Indianz.Com Video: Boosting pay for #Coronavirus frontline workers in Indian Country

Rapid coronavirus tests finally coming to Indian Country as cases continue to rise

Rapid testing for the coronavirus will finally be arriving in Indian Country, days after the Trump administration first said the Indian Health Service was going to be given priority as COVID-19 cases continue to rise at astronomical rates in tribal communities.

In response to repeated inquiries from Indianz.Com, the IHS on Tuesday morning said it expects to receive the promised systems on Wednesday. The equipment will then be distributed to health care facilities starting on Thursday, with the first rapid tests ready to go by Friday, according to the agency.

"This test allows for medical diagnostic testing at the time and place of patient care, provides COVID-19 results in under 13 minutes and expands the capacity for coronavirus testing for individuals exhibiting symptoms as well as for healthcare professionals and the first responder community," the IHS said in the statement.
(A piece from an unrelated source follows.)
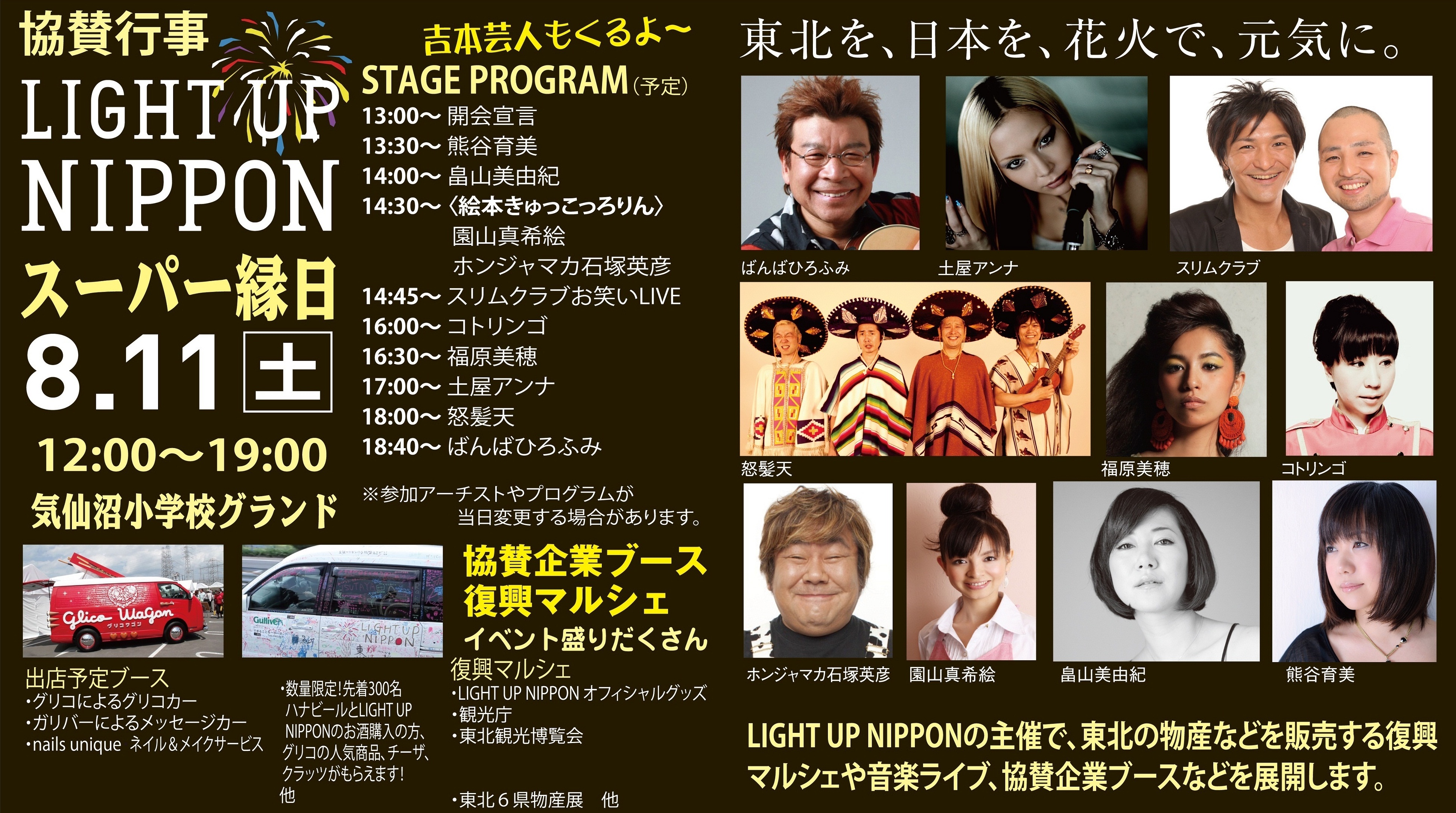 8月11日、今年は東北14ヶ所で行われる花火大会LIGHT UP NIPPON。 そのメイン会場が気仙沼! それを記念してLIGHT UP NIPPONスーパー縁日を気仙沼小学校グラウンドで開催いたします。 日時:2012年8月11日(土)12:00~ メイン会場:気仙沼小学校(宮城県気仙沼市笹が陣3-1) トークライブ:石塚英彦、園山真希絵 音楽ライブ:畠山美由紀、熊谷育美、コトリンゴ、福原美穂、
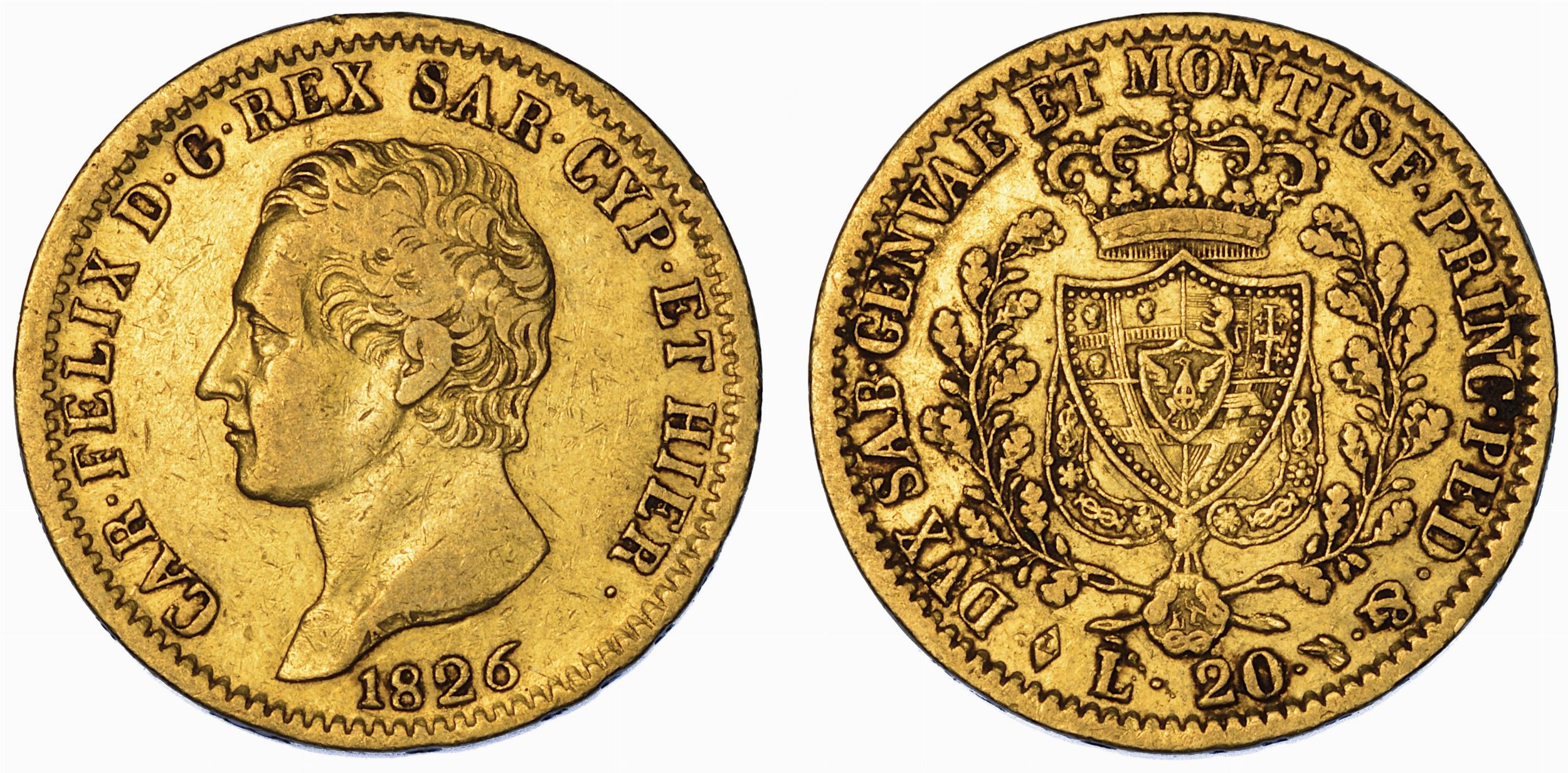 REGNO DI SARDEGNA. CARLO FELICE DI SAVOIA, 1821-1831. 20 Lire 1826. Torino.

"The Indian Health Service headquarters is working closely with IHS area offices to distribute testing equipment and supplies where they will have the most impact," the agency added.

Certain areas of Indian Country have indeed been hit hard by the coronavirus. The Navajo Nation continues to see the largest number of COVID-19 cases, with 384 confirmed positive results and 15 deaths attributed to the disease as of Monday evening.

“COVID-19 cases and deaths are growing at a very alarming rate on the Navajo Nation," President Jonathan Nez said in announcing the latest results and announcing a reservation-wide "mandatory" curfew this coming weekend.

“We’re in this fight together, but we have to be united if we want to beat the virus sooner than later," said Vice President Myron Lizer. "The longer the public chooses not to comply with staying home, the longer we’re going to be in this situation and the more risk that is posed to everyone."

The Albuquerque Area of the IHS, which serves more than 20 tribes in four states, is also emerging as a hotspot. The number of positive cases in the region increased by 152 percent in just one day over the last weekend, according to data provided by the agency. One small tribe in New Mexico warned that nearly 3 percent of its citizenry has already been infected by COVID-19.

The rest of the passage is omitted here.